DESCRIPTION (provided by applicant): Airway inflammation is highly associated with asthma pathogenesis and is characterized by activated Th2 lymphocytes, eosinophils and, in some cases neutrophils. The fact that the most leukocytes express the Fas death receptor implies that this pathway should be an important endogenous means of their elimination. However, there is a paucity of data regarding FasL expression in the airway, and the extent to which FasL mechanisms regulate airway inflammation in asthma is unknown. We hypothesize that the balance of FasL and FasL decoy activity (soluble Fas isoforms and DcR3) generated in the airway will be an important determinant of the intensity and duration of an IgE-mediated inflammatory response. Pro-apoptotic FasL activity should serve to limit the inflammatory response in asthma and be important for resolution, while FasL decoys should promote inflammation in this setting and may be important during initiation. This proposal consists of four interrelated aims. The first entails the definitive characterization of the principal cell types responsible for production of FasL and FasL decoys during airway inflammation and demonstrating that they can regulate their own viability (autocrine effect), or that of relevant Fas-bearing targets (paracrine effect), via soluble ligand or decoy receptor activity. The second entails regulation of these species by cytokines in resident airway macrophages, a cell type that we have found strongly expresses FasL protein after antigen challenge in work done as part of the Pl's previous K08 project. Third, endogenous sFas isoforms will be characterized, and potential FasL:sFas and FasL:DcR3 complexes generated during peak inflammation will be characterized on a molecular level. Whilethe existence of such complexes is implied in experimental systems and by our preliminary data, their existence and relevance in vivo is not known. The major source of research materials for this proposal will be derived from a human airway model of asthma using segmental antigen challenge (SAC), with a focus on the bronchoalveolar lavage compartment. There will be a limited analysis of structural cel!s in the tissue compartment. Finally, in order to help support the hypothesis that pro-apoptotic FasL activity characterized in human airway cells is truly physiologic, we will perform challenge studies in mice under FasL neutralizing conditions.

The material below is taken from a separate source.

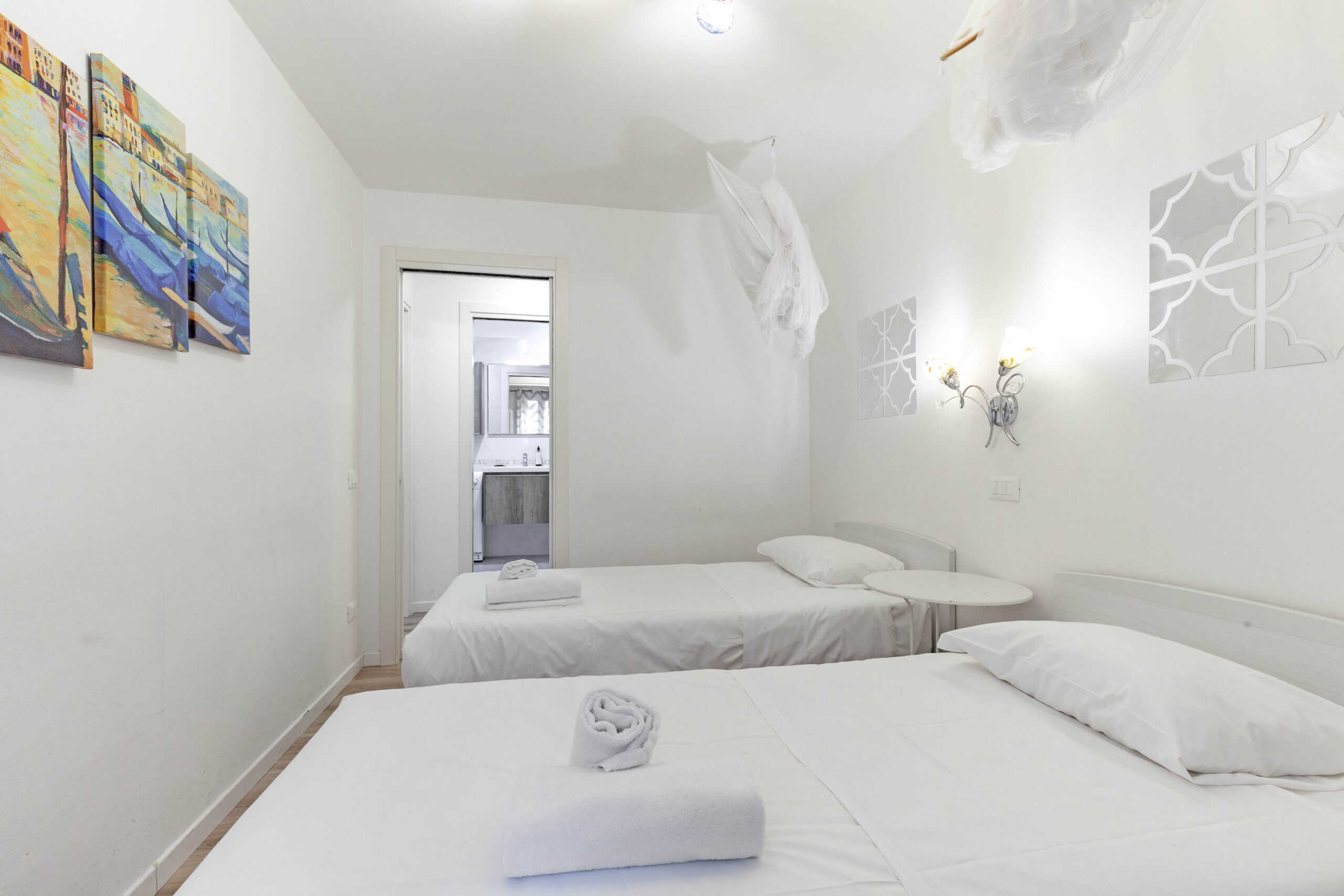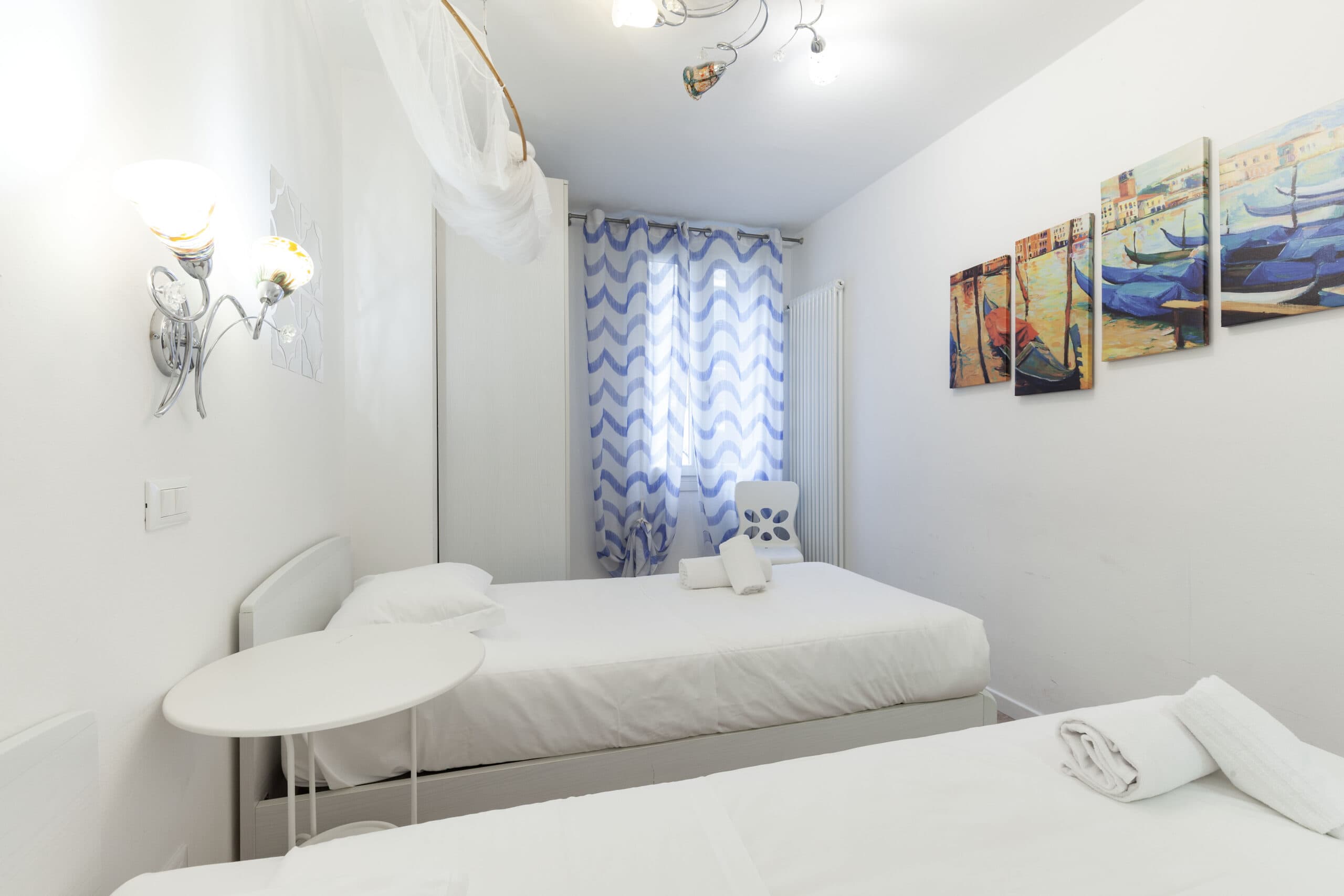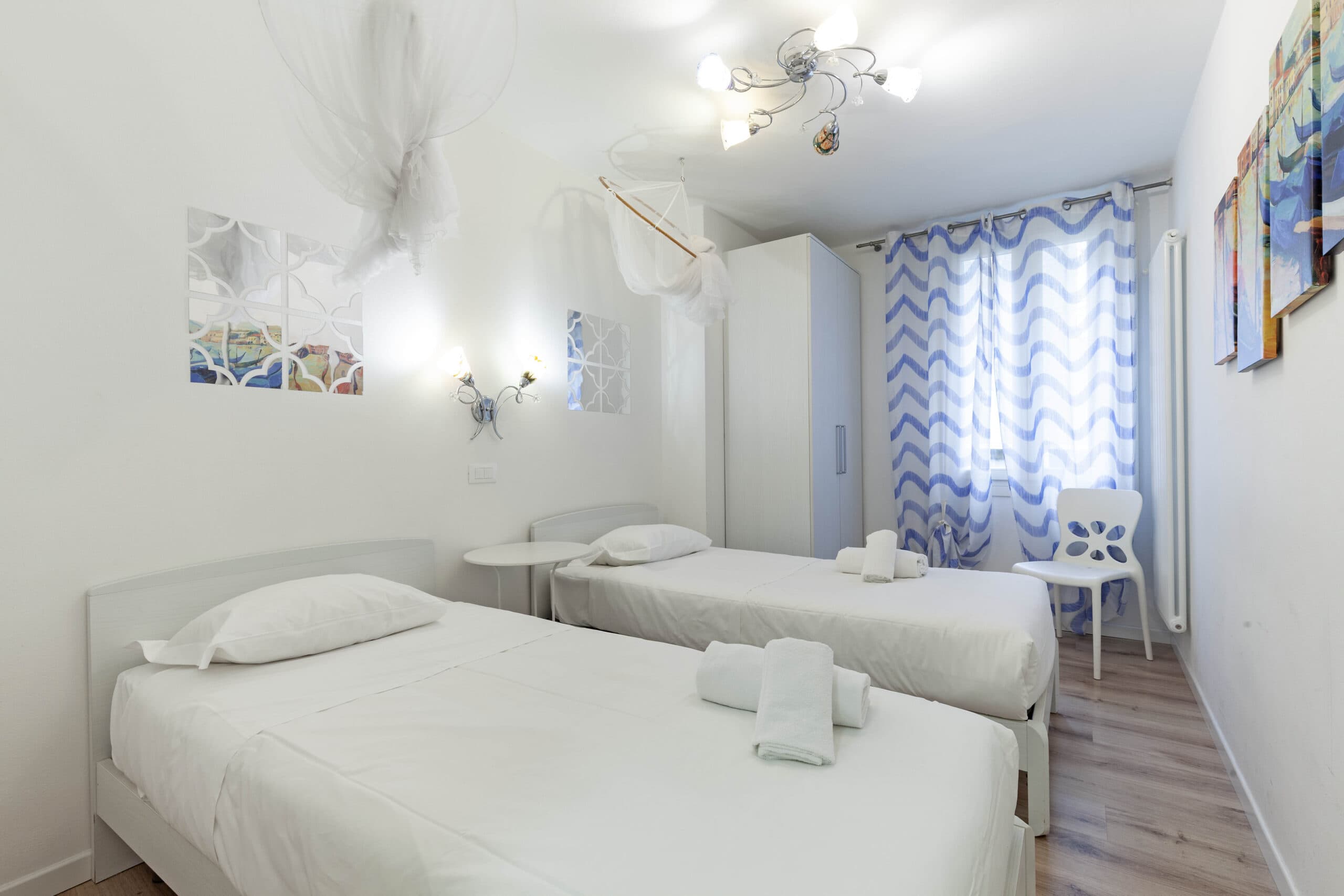 The apartment offers two bedrooms: a bright and elegant master bedroom, and a second bedroom with two single beds, perfect for friends or families. Both rooms are simply furnished with great attention to comfort, and include linens and thoughtful details that create a warm and welcoming atmosphere.

描述（由申请人提供）：气道炎症与哮喘发病机制高度相关，其特征在于活化的Th 2淋巴细胞、嗜酸性粒细胞和某些情况下的嗜中性粒细胞。事实上，大多数白细胞表达Fas死亡受体意味着这一途径应该是一个重要的内源性手段，他们的消除。然而，关于FasL在气道中表达的数据很少，并且FasL机制在多大程度上调节哮喘中的气道炎症尚不清楚。我们假设气道中产生的FasL和FasL诱饵活性（可溶性Fas亚型和DcR 3）的平衡将是IgE介导的炎症反应的强度和持续时间的重要决定因素。促凋亡的FasL活性应该用于限制哮喘中的炎症反应，并且对于消退是重要的，而FasL诱饵应该在这种情况下促进炎症，并且在启动过程中可能是重要的。这项建议包括四个相互关联的目标。第一个需要明确的表征的主要细胞类型负责生产的FasL和FasL诱饵在气道炎症，并证明他们可以调节自己的生存能力（自分泌效应），或相关的Fas轴承目标（旁分泌效应），通过可溶性配体或诱饵受体活性。第二个需要通过驻留气道巨噬细胞中的细胞因子来调节这些物种，所述细胞类型是我们在作为PI先前K 08项目的一部分所做的工作中发现的在抗原攻击后强烈表达FasL蛋白的细胞类型。第三，将表征内源性sFas同种型，并将在分子水平上表征炎症高峰期间产生的潜在FasL：sFas和FasL：DcR 3复合物。虽然在实验系统中和我们的初步数据中暗示了这种复合物的存在，但它们在体内的存在和相关性尚不清楚。本提案的研究材料的主要来源将来自于使用节段性抗原激发（SAC）的人类哮喘气道模型，重点是支气管肺泡灌洗室。将有一个有限的分析结构细胞！在组织室里。最后，为了帮助支持这一假设，即在人气道细胞中表征的促凋亡FasL活性是真正的生理性的，我们将在FasL中和条件下在小鼠中进行激发研究。